Grace is a well-traveled tot. She's been to Colorado (twice), Florida (twice), California, all over Texas......way more places than I had ever been to at her age. Traveling is something Boog and I plan to continue trying to do with our children.....maybe venturing internationally one of these days. We want to show her the world. But something else about Grace that I'm noticing more and more - she's a lot like her daddy. Not afraid to try new things, always up for an adventure, cautious but curious....so her loving the slopes was no surprise.

Anyway, the Ferrell family loves to ski, so I can't wait to hit the slopes one day with my two girls.....maybe I should wait until Sophie can actually walk first, huh?

I now tag: Stephanie, Heather, and Jennifer!

Bible Journey: Exodus 22:1 - Exodus 28:1
I love the descriptions of God in the Bible. Mainly, I love the sounds and pictures that are associated with who He is......in Exodus it talks about the thundering, lightening, and deafening trumpet sounds that the Israelites saw and heard when God's presence was on Mt. Sinai. I can't even imagine what that must have looked like or sounded like....loud trumpet sounds amidst a thunderstorm like no other. In Revelation, where it describes His voice "like the sound of many waters". Can you just imagine how overpowering the sound of a waterfall is...and attribute that to His voice? And in Exodus, just simply describing how the Lord's feet were standing on a road of sapphire with clarity unlike anything we know. As a visual person, this stuff gets to me! I imagine meeting God one day and truly having the question ....'Will I dance for you Jesus?' (to quote "I Can Only Imagine") being answered - YES. Because that is the only response I might have to His magnificence.....


Wednesday, October 15, 2008

Stop. Breath In. Exhale.


Today, Boog & I found ourselves a bit overwhelmed. Most of it was the "post vacation" stress of catching up with life after being gone four days. Some of it was self-made "have to's" (ie. this weekend's garage sale that we reluctantly agreed to do with our neighbor), some were weekly commitments, but most of it was just life.

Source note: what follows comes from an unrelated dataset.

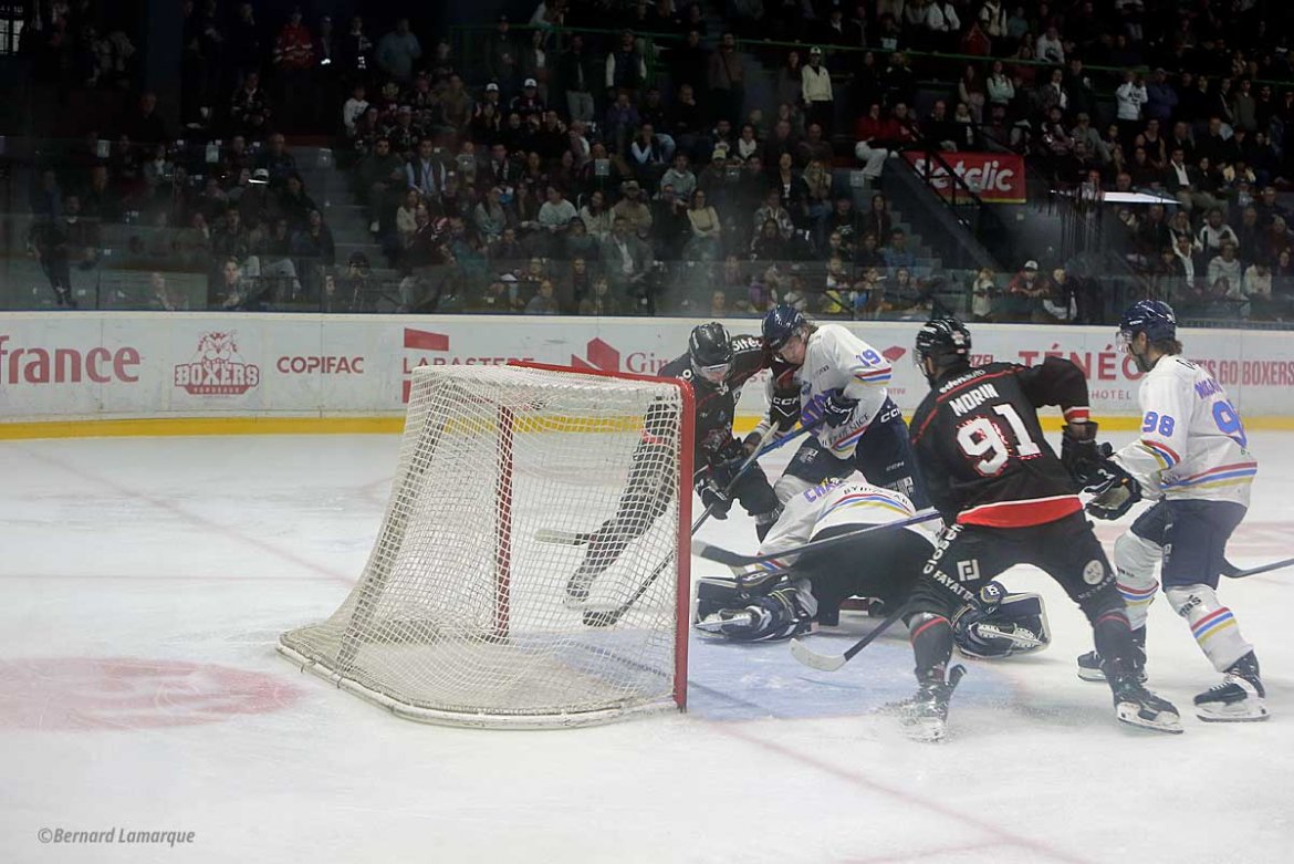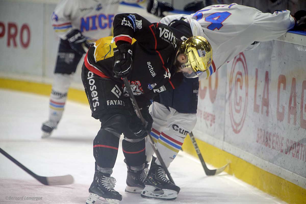 Au sortir de la glace on a vu des Niçois plutôt vexés de s’être fait battre car ils ont perdu leur troisième place et chutés deux fois à Meriadeck en quelques jours. Le match a été vigoureux en termes d’échanges cela allant même jusqu’à la boxe. Un Teemu Loiseau à Nice étant particulièrement agressif et toujours près à en découdre, il a soulevé des huées dans une patinoire chauffée à blanc pleine de 3 500 spectateur(e)s qui ont donné de la voix. La partie a très vite était engagée les Boxers inaugurant le score dès la troisième minute remettant cela trois minutes plus tard mais rapidement le jeu s’est équilibré avec des Niçois qui ont comblé une partie de leur retard avant la fin de la période. C’est le deuxième tiers temps qui a été le plus prolifique avec des Niçois revenant à égalité puis à nouveau les Boxers prenant le large pour mener un instant cinq à deux mais les visiteurs revenaient en partie au score à cinq trois avant la fin de la période.

I kept telling Boog we need to quit the whining. Really....I'm so sweet, sometimes. But what I meant was, it's just like this occasionally. It's busy. These months, for some reason, everyone starts to plan things.....parties, functions, get togethers, festivals, water fights, cat fights you name it - it's planned.

But then - everything stops. January usually puts the capital B in Boredom.....do you agree? And we adjust to life in winter lane where the tv is bad and the weather is worse. Longing for spring to rejuvenate things again.

What's worse? Boredom or Busyness?

I prefer the wave.

A time of busyness, to let me know that I'm still alive and there are people around me to care for (not that I do a great job, but I try). Followed by a time of boredom, to let me clean my house and organize my life......you know, the wave.

Without the wave, I think I would either have a heart attack by stress or die of loneliness if either of the two became my only option.

I know there are others out there probably surfing the Busy Wave right now. If so, count your blessings. You could have no one to care for.....or have nothing to be a part of.......or no one that cared if you were there or not.

Today (and maybe just today....hey, one victory at a time), I choose to quit the whining myself. Count my blessings......and enjoy surfing. Surfing must be on my mind.....I did just get back from California!